AI is disrupting SaaS. But who owns the underlying data?

By Vivek Bhaskaran | May 4, 2026

Reading time: 3 minutes

Saas Ai Underlying Data Ownership Insights Industry Research

Abstract

As AI continues to disrupt SaaS, Vivek Bhaskaran poses the question: What if your data provider used synthetic data trained on responses from people who never consented to that use?

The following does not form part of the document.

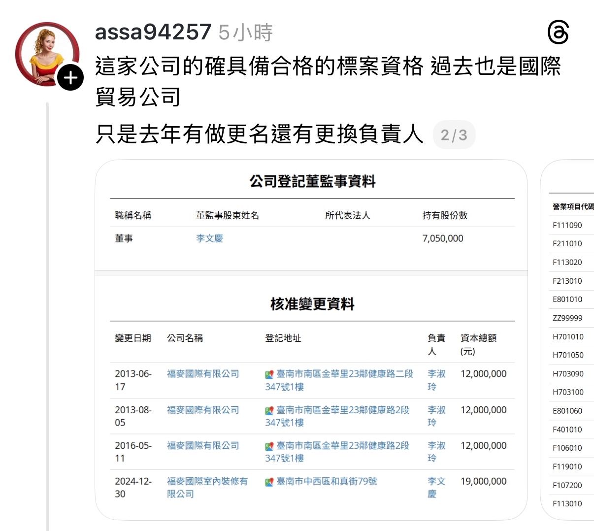 推 rainbowcrash: 營業項目登記的門檻超低耶 114.137.246.16 12/11 08:41
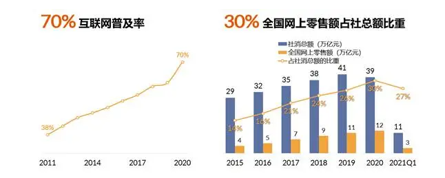 互联网、移动互联网在中国已经高度发达,互联网普及率超过70%,移动互联网网民规模近10亿。电商在中国经过10多年的发展,电商的生态已经发展的非常成熟,商品非常的丰富、支付非常的便利、物流非常的快速,这些非常便利的购物体验吸引了越来越多的消费者转向线上购物,网上购物已经成为了中国广大消费者非常普遍的日常行为。2020年,因新冠疫情防控的需要,线下购物非常不方便,更多的消费者和更多的需求通过线上来满足。因此,2020年线上零售额占社会消费品零售总额比重达到30%。尽管2021年Q1这个占比有所回落,但这是暂时的,线上购物给消费者带来的卓越体验只会让更多的消费者、更多的消费行为转到线上,未来这个占比依然会继续上升。

Research Topics:: Artificial Intelligence / AI | Data Analysis | Data Security | Marketing Research-General | The Business of Research
Industry/Market Focus:: Research Industry
Content Type: Research Industry Voices

Share Print

Listen to this article

Editor’s note: Vivek Bhaskaran is the co-founder at QuestionPro, with over 20+ years of enterprise software. Find Bhaskaran on LinkedIn.

Enterprise software has long operated on a straightforward bargain. Companies entrust vendors with business processes and data so that the vendors can deliver value back to that same customer. Customers expect their data to be used to improve their own operations, their own decisions and their own outcomes.

What customers do not expect is for that same data – or assets derived from it – to quietly become part of a product, model or capability that creates value somewhere else.

That is the principle at the center of the current debate around synthetic data practices.

What if your data provider used synthetic data trained on responses from people who never consented to that use?

Synthetic data capabilities are often described as being built on large-scale datasets, sometimes in the tens of millions of data points. That immediately raises a basic customer question: Where did the data points come from, and what rights govern their use?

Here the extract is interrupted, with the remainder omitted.